──────── STORED DATA ────────

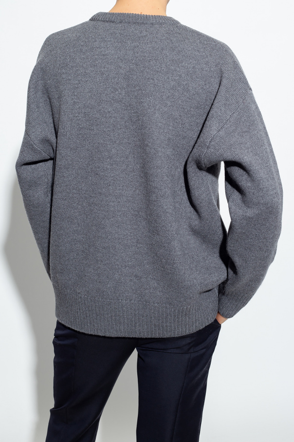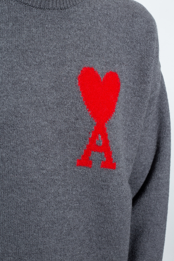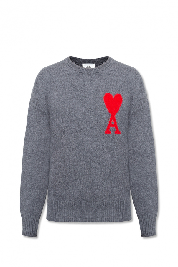 Grey crewneck sweater from Ami Alexandre Mattiussi. Made of wool, this style showcases a red logo graphic and elasticized trims on the collar, bottom hem and cuffs.
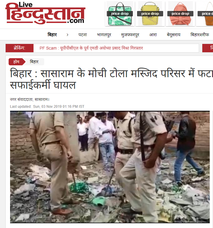 The incident was widely reported in Hindi media. A report by Hindustan said that the mosque was under repair the past one month. The labourers working in the area had collected waste on a compound outside the mosque. As soon as they set the waste on fire, a blast knocked down three labourers and also the boundary wall of the mosque.
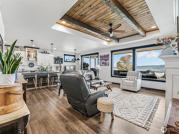Newly built in 2022, this home features main floor living w/ a daylight level & is beautifully appointed w/ high-end finishes & attention to detail throughout. Views of Mt. Baker, the Cascades & Port Susan can be enjoyed from inside & on the deck that runs the length of the home. The stunning kitchen flows seamlessly into the dining & living areas & onto the large deck; perfect for entertaining! Wake up to the view from the primary bedroom w/ walk-in closet & luxurious bthrm. An office, full bth & 2nd bdrm complete the space. The daylight level features a large, finished room—ideal for a studio, shop or whatever you can imagine. Enjoy beach rights where Orcas & Gray whales visit often. Close to all amenities on Camano, the no ferry island.

────────

◆ TASK ITEM: Would you return all of the data above word for word, omitting every picture?

◆ EXERCISE SOLUTION:
 Grey crewneck sweater from Ami Alexandre Mattiussi. Made of wool, this style showcases a red logo graphic and elasticized trims on the collar, bottom hem and cuffs.
 The incident was widely reported in Hindi media. A report by Hindustan said that the mosque was under repair the past one month. The labourers working in the area had collected waste on a compound outside the mosque. As soon as they set the waste on fire, a blast knocked down three labourers and also the boundary wall of the mosque.
Newly built in 2022, this home features main floor living w/ a daylight level & is beautifully appointed w/ high-end finishes & attention to detail throughout. Views of Mt. Baker, the Cascades & Port Susan can be enjoyed from inside & on the deck that runs the length of the home. The stunning kitchen flows seamlessly into the dining & living areas & onto the large deck; perfect for entertaining! Wake up to the view from the primary bedroom w/ walk-in closet & luxurious bthrm. An office, full bth & 2nd bdrm complete the space. The daylight level features a large, finished room—ideal for a studio, shop or whatever you can imagine. Enjoy beach rights where Orcas & Gray whales visit often. Close to all amenities on Camano, the no ferry island.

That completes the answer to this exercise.